DR GABRIELLE HOSEIN
OUT ON the streets, they call it murder.
Yet, authorities have been deafeningly silent on state violence as the real destruction of law and order. Meanwhile, criminalised and predominantly Afro-Trinidadian communities led the nation in decrying unjust state killings, even as their insistence on all citizens’ rights and humanity was met with tear gas and live bullets.
Seeing mistrust on all sides, I’ve wondered where we find common ground in the midst of national divisions of class, race, geography and party. Thinking even of my own analysis, I asked Akosua Edwards and Nichola Harvey-Mitchell, women recently appointed to lead an official response, what words might bridge those divides with hope.
Akosua responded, “My hope lies in seeing the wider community recognise that we cannot enjoy a decent life in Trinidad and Tobago if so many of our communities feel as if they are ignored.
“The other feeling of hope comes from seeing the talent, potential, heart, fight, the warriors and the longing coming from the members of the community. I know and have seen those who are willing to show up, to lead, to shift. They are there. They can do more with the right support and tools.
“The young warriors are now saying we are no longer accepting victimhood or accepting the stories that we have been hearing about ourselves, we want to create our own story and we are asking for support. If you are unwilling to support us, we will find a way and that way may involve some uncomfortable situations and truths.
“I am hopeful because many of who I call the warriors on the ground want to live a life of dignity and self-respect right here in Trinidad and Tobago. Let’s tap into this want. This moment is urgent and my hope comes from the fact that our responses will be from a space of being grounded and being ready to listen and act. This is not an event; this is a process. A process takes time and support.”
Nichola agreed, “We cannot give up on the young people, the community and the country. We have created and can nurture confident, competent, empowered youth leaders who know their skills, ability and potential. They may question whether they are smart because they didn’t go to the best school, but when you give their raw talent an opportunity to shine, we know that they can be great.
“The people who are protesting must be given an opportunity to express their frustration, but the solution must come in a structured way with timelines and expectations. Others must be patient, because it takes time to transition and we are all humans with different backgrounds, history and environments to live in. You never know until you walk in someone else’s shoes.

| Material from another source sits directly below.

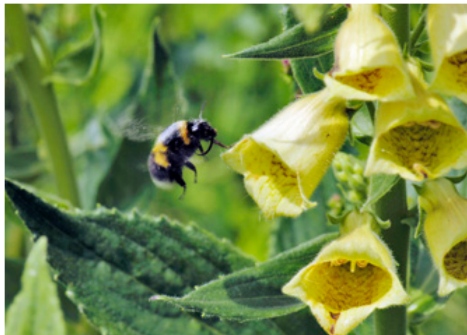
Abb.17: Bombus hortorum beim Landeanflug auf Digitalis , Hundsau.

Bis 2000 m verbreitet, im Mittelland Bestandsrückgang, nistet meist oberirdisch versteckt unter Grasbüscheln, Nestbauer (Amiet 1996). Ein Nachweis der Art aus dem Wildnisgebiet (Hundsau), leider ohne zusätzliche Detailinformation (Kust & Ressler 2001, Kust 2004). Im Nationalpark Gesäuse nicht zu erwarten (Neumayer 2009). Im langfristigen Bestandstrend in Deutschland stark rückgängig, gefährdet (Westrich et al. 2011). Anspruchsvolle, wärmeliebende Art, die südexponierte Hänge bevorzugt. Das Erscheinungsbild der Hummel ist farblich variabel, Verwechslungsmöglichkeit mit anderen Arten.

“After we empower children, how do we get them jobs? Change is not immediate. We have to be there for the long haul and sustainability. We need an agreement on what Trinidad and Tobago looks like for all of us, a common vision that keeps us together. As a country we need to have tolerance and patience to make the changes we want to see.”
Tolerance, patience and truth. Dr Rowley blamed 2004 when he was criticised for channelling state funds to “young Africans” and he blamed LifeSport, both of which pointed fingers at the UNC. He didn’t mention that, since the 1961 crash programme, these communities have been subdued by police and kept as dependent safe seats.
He side-stepped how hyper-inflation of CEPEP and URP budgets under Patrick Manning funnelled increased income for illegal guns, and how militarisation of policing, begun from 2002, set the turn to excessive force today. He was silent on Minister Imbert’s defunding of the Citizen Security Programme, which was effectively facilitating greater peace.
These are not under-resourced communities, at least not in comparison to vast swathes of the country, including much of rural Trinidad. However, over decades, money was disbursed in ways that didn’t adequately address trauma, strengthen community autonomy, create the schools that children need, and provide sustainable alternatives to gangs. On the one hand, police violence was the trigger last week. On the other, there have been decades of harm.
With power presenting one reality and the disadvantaged retaliating against another, truth and decency mean that it matters who and what we believe. This generation needs alternatives to deep divisions, and more honest political narratives. If such moral outcry is to matter to us all, hope is necessary.